= Tamara J. Moore =

American scholar of engineering education

Tamara Jo Moore is an American scholar of engineering education, the Crowley Family Professor of Engineering Education and Purdue University Faculty Scholar in the Purdue University School of Engineering Education, and executive director of Purdue's INSPIRE Research Institute for Pre-College Engineering. Her research focuses on STEM integration, an approach to education in science, technology, engineering, and mathematics (STEM) that emphasizes the interdisciplinary connections between STEM fields rather than their boundaries. She was the first US student to obtain a doctorate in engineering education.

==Education and career==
Moore studied mathematics with a minor in mathematics education as an undergraduate at Purdue University, and became a high school mathematics teacher. Returning to Purdue for graduate education in mathematics, she discovered the need for engineering students to understand the mathematics she had been teaching, and became interested in engineering education. After a second bachelor's degree in interdisciplinary engineering and master's degree in mathematics education, she completed her Ph.D. in engineering education in 2006, the first US student to obtain a doctorate in engineering education. Her doctoral dissertation, Student Team Functioning and the Effect on Mathematical Problem Solving in a First-Year Engineering Course, was jointly supervised by Richard Lesh and Heidi A. Diefes-Dux.

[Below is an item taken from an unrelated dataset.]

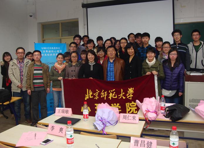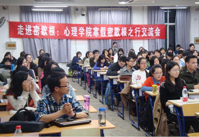 2013年3月13日晚八点,北京师范大学心理学院“走进密歇根:心理学院寒假密歇根之行交流会”在教二201教室举办。2013年1月19日至2月1日,心理学院副院长周仁来老师、分党委书记乔志宏老师及17名本科生组成的代表团前往密歇根大学进行学术交流。在为期两周的时间里,双方教授开展了卓有成效的会谈。参与交流的17名本科生,旁听了密歇根大学心理学系的本科生课程和心理学及其他学科的学术报告会,参与了许多富有特色的学生活动。通过与当地同学的交流全面地了解美国大学的教学、生活情况及中美文化的差异。 心理学院学生会从学生们实际需求出发,邀请代表团的老师、同学为更多学生分享大洋两端的学术进展与不同的校园氛围。此次交流会得到了学校、学院领导的大力支持。心理学院副院长周仁来教授,作为密歇根之行的带队老师之一,对整个活动的策划、进展给予密切关注。心理学院院长许燕教授,国际交流与合作处副处长刘冷馨老师,以及从美国回来的校友韩英全程参与了此次的交流会,与同学们进行了面对面的交流。 许燕院长首先明确了“密歇根之行”对于心理学院具有里程碑意义,向同学们介绍了学院未来对于国际交流方面工作的设想,以及对同学们未来发展的希望与期盼。希望同学们走出去培养自身的国际化视野,然后再回到我们学校、学院为我们的发展做出自己的努力。国际交流与合作处的刘冷馨老师介绍了从自己的角度出发未来国际交流处能为同学们出国交流提供哪些更好的项目,表达了学校对于学生国际交流活动的重视与支持,也热情欢迎学生找她交流沟通。周仁来教授作为最后发言的老师,一方面为大家说明了此次交流会的意义;另一方面也跟同学们分享了“密歇根之行”的总体感受与情况。周仁来教授风趣幽默的表述,让同学们对接下来进行的学生交流环节充满了期待。 前往密歇根交流的三位学生代表朱浩然、黄煜舒、万嘉昕分别从交流活动的行程、从中美课堂不同看中美教育对比以及从自身感受出发谈美国校园文化与社会文化三个方面与同学们进行了分享。嘉宾韩英老师讲述了她20多年的海外经历及自己对于国外生活的体会,对“密歇根之行”同学们的所思所感表示了赞同,也提出了自己长时间在国外生活看到的更多的东西。 提问环节中,在了解同学们的困惑的同时,对于学生们提出的问题许燕院长悉心解答,并提出了自己的希望,希望同学们能够找到学习的内在动机,找到对学习的热情、对生活的热情。同学们都表示,这样与老师面对面的交流、诚挚地沟通的机会特别可贵,在此过程中增强了与老师的情感交流,也同时增进了师生之间的相互理解。至此,密歇根之行交流会圆满结束了,但心理学院为给同学们提供更好的国际交流项目所做的努力还在继续!

After completing her doctorate, in 2006, she became an assistant professor of mathematics education in the College of Education at the University of Minnesota. She returned to Purdue as an associate professor of engineering education in 2013, and was named as the Crowley Family Professor of Engineering Education in 2025.

==Recognition==
Moore was a 2012 recipient of the Presidential Early Career Award for Scientists and Engineers, "for transformative research on how young students learn engineering concepts that integrates K-12 teacher development that can have a transformative underrepresented minority and under-privileged urban K-12 students".